Она помнила до мельчайших подробностей тот момент, когда Лили прибежала в гостевую комнату с широко раскрытыми глазами, в которых плескалось чувство тревоги и что-то еще, что-то непонятное. Возможно, Сьюзен и отмахнулась бы от проблем Лили, как она делала обычно. Вот трусиха, вроде старше её на два года, а суетится по малейшему поводу.
— Включи радио, Сьюзен! Срочно включи радио!
— Да не суетись ты, что у тебя опять случилось? Шпильку сломала или тушь потекла? Да, успокойся, успокойся, не дрожи так, включаю, включаю...
"....вынуждены с прискорбием сообщить вам, что поезд, следовавший по маршруту Эндовер-Лондон, сегодня утром сошёл с рельсов близ вокзала Паддингтон из-за случайного стечения обстоятельств. Среди пассажиров поезда пострадало около пятидесяти человек, среди ожидавших на станции — трое, десять человек погибли. Пока ещё не все погибшие опознаны. Среди опознанных оказались профессор философии Дигори Кёрк, пожилая домохозяйка Полли Пламмер и их родственники, Питер Пэвенси, Эдмунд Пэвэнси и Люси Пэвэнси..."
Неуловимым и точным, как удар меча, движением Сьюзен коснулась настройки радиоприёмника, страшный голос сменился бессмысленным шумом. Подняла голову, и потолок её комнаты вдруг начал приближаться, медленно падая. Чтобы устоять на ногах, она вцепилась в руку Лили, своей, как она с горькой ясностью теперь понимала, бывшей подруги...
1) Бойтесь данайцев, дары приносящих.
Тогда Иисус говорит ему: следуй за мной, сатана, ибо написано: Истинному Богу твоему поклоняйся и Ему одному служи. (Мф, 4:10)(1)
Когда мир рухнул, она оказалась под его обломками. Ничто на свете больше не имело значения. Люди, с явно фальшивой жалостью смотревшие на неё, деревья, развеваемые вечерним ветром, слезы, капавшие из глаз, ласковый священник на кладбище, гробы, опускаемые в землю. Отныне это была только часть реальности, в которой ей приходилось существовать. Не жить, нет. Жизнь осталась позади. Сьюзен Великодушная, Сьюзен Великолепная — в мире Нарнии у неё было много, так много имён. Теперь все они не имели ни малейшего смысла, все эти имена унёс дым, дым от старых фотографий, которые она сама отправила в камин. Ей казалось справедливым избавление от иллюзий, ведь её семья мертва, а ей слишком больно смотреть в эти улыбающиеся лица...
Она снова и снова вспоминала его слова, которые он сказал ей при расставании. "Помни, Сьюзен, ко мне можно прийти из всех миров". Вот он и забрал всю её семью в свой таинственный мир за гранью веков, великий лев-создатель, Существо, лишенное милосердия к людям. Сначала он отобрал у неё Нарнию под смехотворным предлогом, а потом и семью. А она так верила ему, так мечтала, так надеялась на будущее. Ей казалось, что вся жизнь впереди, и Нарния подождёт, она почти перестала верить в её существование. О, ей напомнили, напомнили с деликатностью палача. Теперь она ничего и никогда не забудет.

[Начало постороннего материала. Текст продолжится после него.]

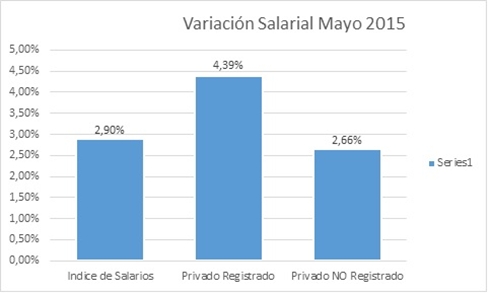 Variación salarial mes de mayo de 2015Al realizar el análisis de la variación del salario, se efectúa en primer lugar la comparación del nivel general salarial y luego se trabaja sobre tres sectores claramente definidos, por un lado el sector privado, en sus dos modalidades, el registrado y el NO registrado, y por otro el sector público.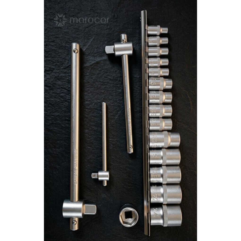 L'ensemble comprend une sélection minutieuse de douilles métriques de haute précision, soigneusement organisées sur un rail métallique pour un rangement optimal et un accès rapide. Ces douilles sont complétées par trois clés en T coulissantes de longueurs différentes. La conception coulissante de la poignée permet d'ajuster le bras de levier pour appliquer un couple de serrage puissant ou pour travailler rapidement dans des espaces restreints. Fabriqué en acier Chrome-Vanadium forgé et traité thermiquement, ce kit garantit une résistance supérieure à la torsion et à la corrosion. La finition mate satinée offre une excellente prise en main, même avec des mains grasses.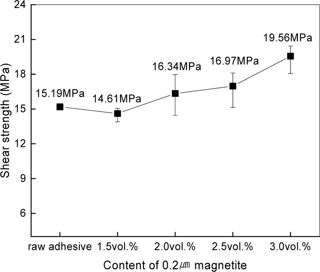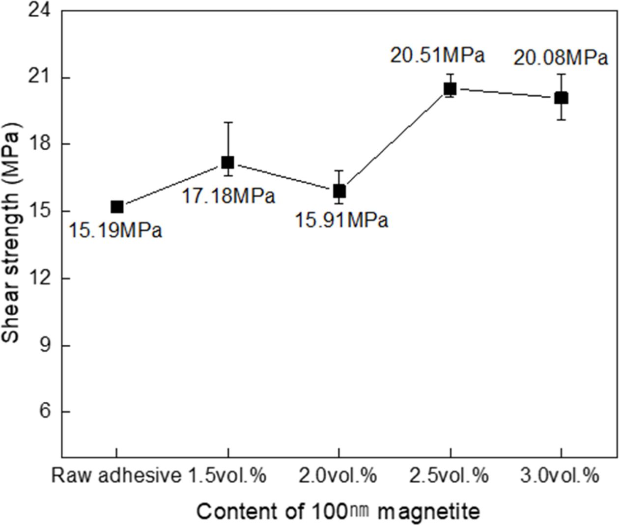 전단 접착 강도 역시 증가하는 결과를 나타냈으며 전체적으로 Fe3O4를 첨가하지 않은 에폭시 접착제에 비교하여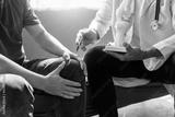 Man coming to the doctor with knee pain Health care and health insurance concept: orthopedic specialist doctors and nurses interacting with patients.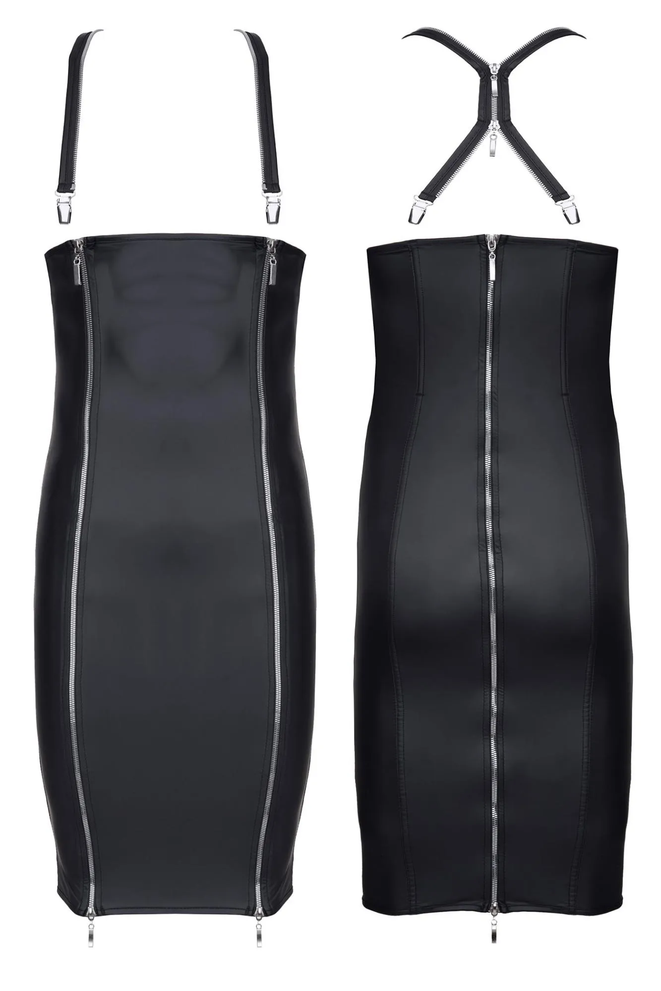 W sukience zastosowano trzy suwakowe zamki błyskawiczne: dwa z przodu oraz jeden z tyłu, które nie tylko pełnią funkcję dekoracyjną, ale również umożliwiają wygodne zakładanie. Odpinane zamki otwierają możliwości do zmysłowych prowokacji, czyniąc ją idealnym wyborem na wyjątkowe okazje. Sukienka została wyposażona w regulowane szelki, które posiadają ozdobne, metalowe zapięcia, co dodatkowo wzmacnia jej ekspresyjny wygląd.

Её семья. Он не оставил ей ничего, даже Люси, любимицу всей семьи, даже её, которую так любила их покойная мать. Мать и отца он тоже забрал, отец погиб в мировой войне, мать умерла с горя. Они думали, что обрели новый дом и новую семью у профессора, который приютил их. Теперь все они мертвы. Рука смерти, чудовищная лапа Аслана забрала их. "Он ведь не ручной лев". Ей говорили, а она не слушала. Вернее, не хотела ничего слышать или понимать. Теперь их слова — слова мертвецов — звучат у неё в ушах, как похоронный колокол.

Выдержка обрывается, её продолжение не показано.